# NN Architecture

Input: The input feature vector, if we are dealing with image patches, it will be long

Layers: One layer is constructed by many neurons, a neuron is a combination of a linear classifier and a activation function:

\(x\) is a 3071x1 vector, \(\omega\) of one neuron is a 1x3071 weights vector, \(b\) is a real value.

So one neuron in the 1st layer outputs one single value(marked by one color), this value will be copied to all the neurons of the 2nd layer.

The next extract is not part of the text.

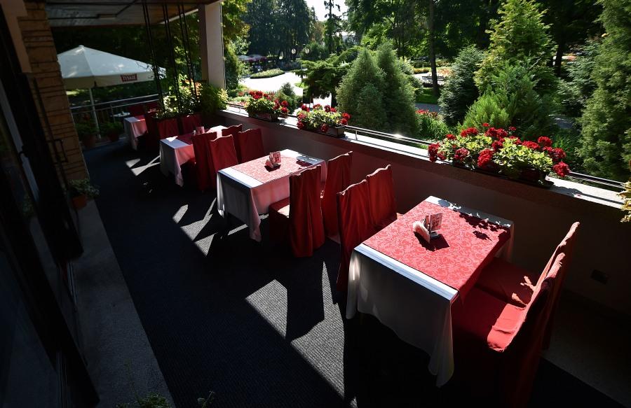 Jest usytuowana w samym centrum najpiękniejszej części Parku Zdrojowego, przy głównej promenadzie. W lecie urzekają swą wspaniałą panoramą miejsca na tarasach z widokiem na Park Zdrojowy, Muszlę Koncertową oraz Sanatorium Marconi. Do dyspozycji Gości oddajemy - kameralną i nastrojową salę na parterze oraz nocny Dance Club na piętrze, gdzie codziennie odbywają się Dancingi przy muzyce na żywo.

**The 1st layer, consist of 5 neurons, will output a 5x1 vector to the 2nd layer.**

**Then all the neurons in the 2nd layer will receive the same 5x1 vector from the the 1st layer as their inputs.**

We can see that the original input, a 3071x1 vector is now compressed to a 5x1 vector by the 1st layer.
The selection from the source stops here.